The suit is now being heard on appeal by the Delaware Supreme Court, after an initial ruling in Household’s favor by the state Court of Chancery. Moran filed suit to challenge Household’s enactment in that Aug. 14 vote of a stock dividend known as a “poison pill.”

Effective Ploy

The poison pill is a takeover defense so potent that some merger and acquisition professionals, including lawyers for the Securities and Exchange Commission, believe companies can use it to stop all hostile tender offers.

In its basic form, the poison pill is the issue of a dividend to shareholders consisting of a warrant, or right, to buy an additional share of common or preferred stock. The right may only be exercised in the case of a “triggering event”--typically the acquisition of 20% of the company’s shares or voting rights or a tender offer for 30%.

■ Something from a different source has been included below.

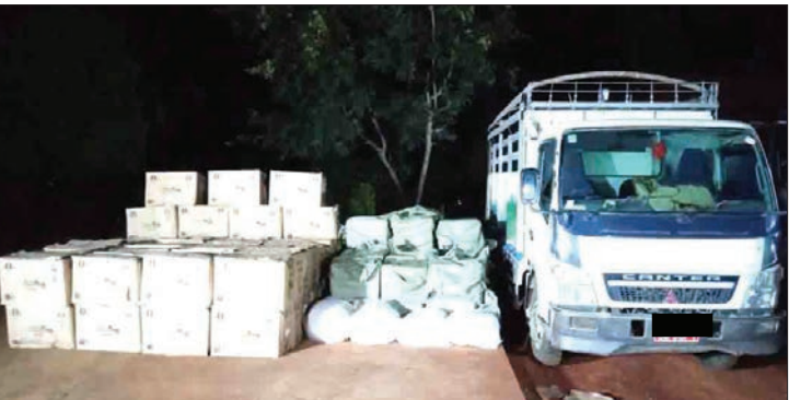
Illegal drugs confiscated seen by the vehicle on 26 October.

Even then, the warrant is designed to discourage shareholders from exercising it. Household’s warrant allows a shareholder to buy 1/100 of a preferred share with the same annual dividend, $1.75, as Household common--but is priced at $100 while Household common has not traded above $40 in the last 15 years.

Its real purpose emerges if and when an acquirer seeks to absorb Household in a merger, the presumed goal of any bidder planning a major tender offer. In that event, each warrant would give the Household shareholder the right to buy $200 worth of the acquirer’s stock for $100--making the merger prohibitively expensive.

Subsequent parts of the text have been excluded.